Arbitrary precision libraries keep as many digits as you give them if there's enough memory. Doing calculations may lead to loss. Not all results (like 1/3) can be represented exactly with a given base.

Not all digits are created equally, so to speak. Each operation you do will carry an error (at least one machine epsilon for the addition and multiplication), so doing additions repeatedly accumulates that error. So much so that doing enough additions and most digits you have are meaningless. Additionally converting from `double` to arbitrary precision floating point will give you at most the number of significant digits the double has, as you don't have any idea what should be written beyond the precision double has.

I'll go back to the addition as the simple and most basic of operations to illustrate. Suppose you have a floating point (in base 10) that gives you 3 digits to work with. This would mean the epsilon (the smallest possible "step" between numbers leaving the scaling the exponent introduces aside) is about 0.001.

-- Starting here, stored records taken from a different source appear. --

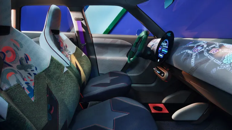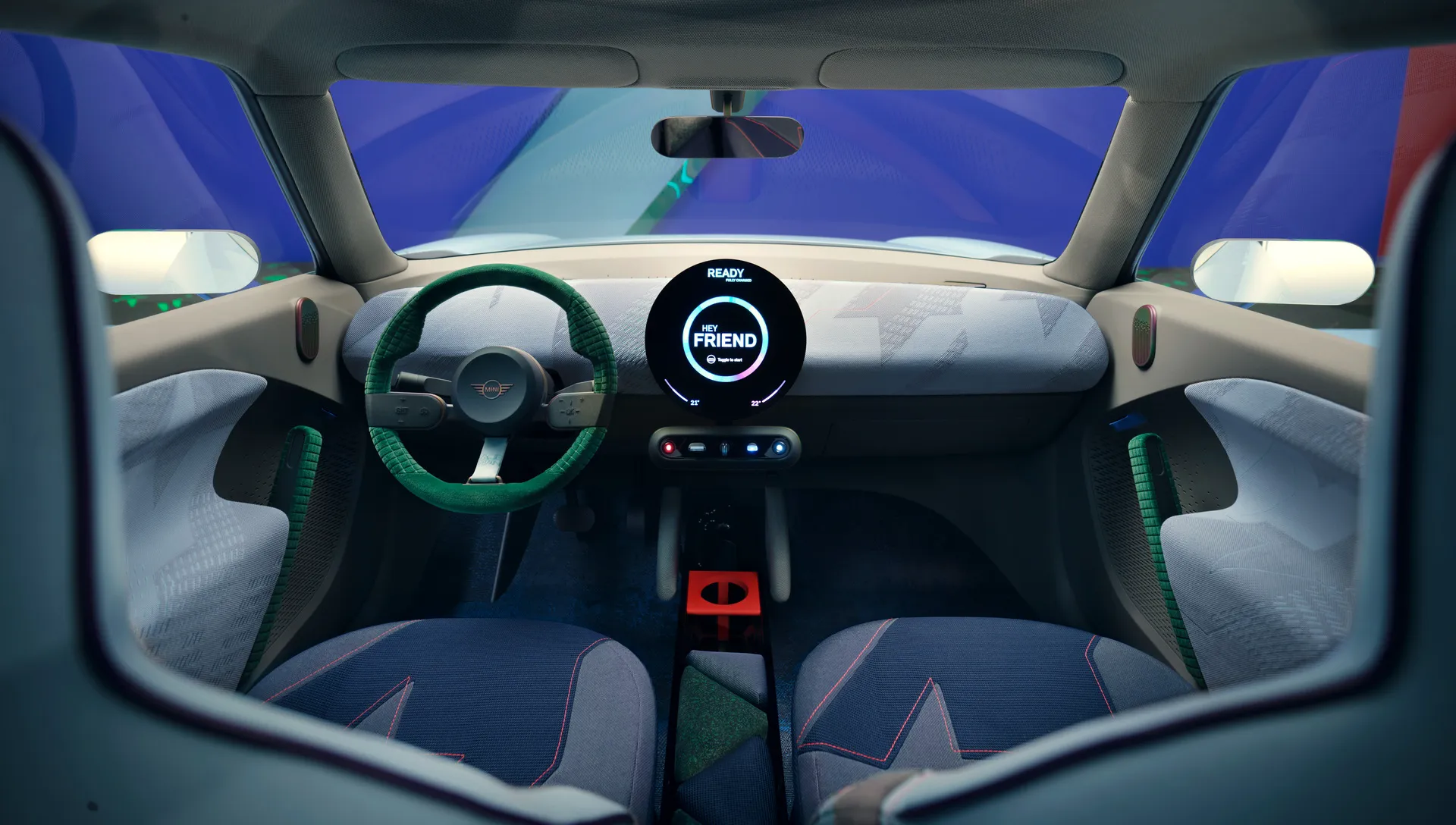 Екстер’єр концепту має не менш оригінальний вигляд. В оснащення кабіни входить круглий OLED-екран. Він ґрунтується на операційній системі MINI останнього покоління, побудованій на програмному стеку Android Open Source Project. Він служить і панеллю приладів, і мультимедійною системою. В оздобленні використані екологічно чисті тканини, виконані з матеріалів вторинної переробки.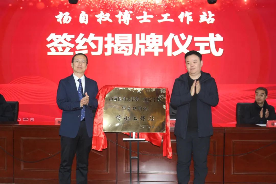 1月13日,山西省医院协会理事单位——乡宁县医疗集团人民医院举行“杨自权博士工作站”签约揭牌仪式。山西医科大学第一医院骨科主任、主任医师、教授、博士生导师杨自权,乡宁县副县长邱肸靖出席仪式。乡宁县卫体局局长张建军主持。乡宁县医疗集团党委书记、院长刘海斌致辞。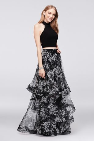 Layers of floral-printed mesh create the dramatic skirt of this two-piece ensemble, as the caged-back high-neck jersey top adds edge.

So you start with 0 and add up 10 numbers in the range between 0 and 1 and get a number between 0 and 1 as result (so not to care about the exponent in the floating point - just for simplicity). The total error is 10 epsilons, or in this case 0.01. Ultimately, in your result the last digit is meaningless, irrespective of you having the memory to keep and represent it; it just gets eaten up by the error accumulation. So even if you get 0.546 the 0.006 doesn't carry any information anymore.

For that purpose when doing long summations (as in numerically stable computations) one has to use a numerically stable algorithm.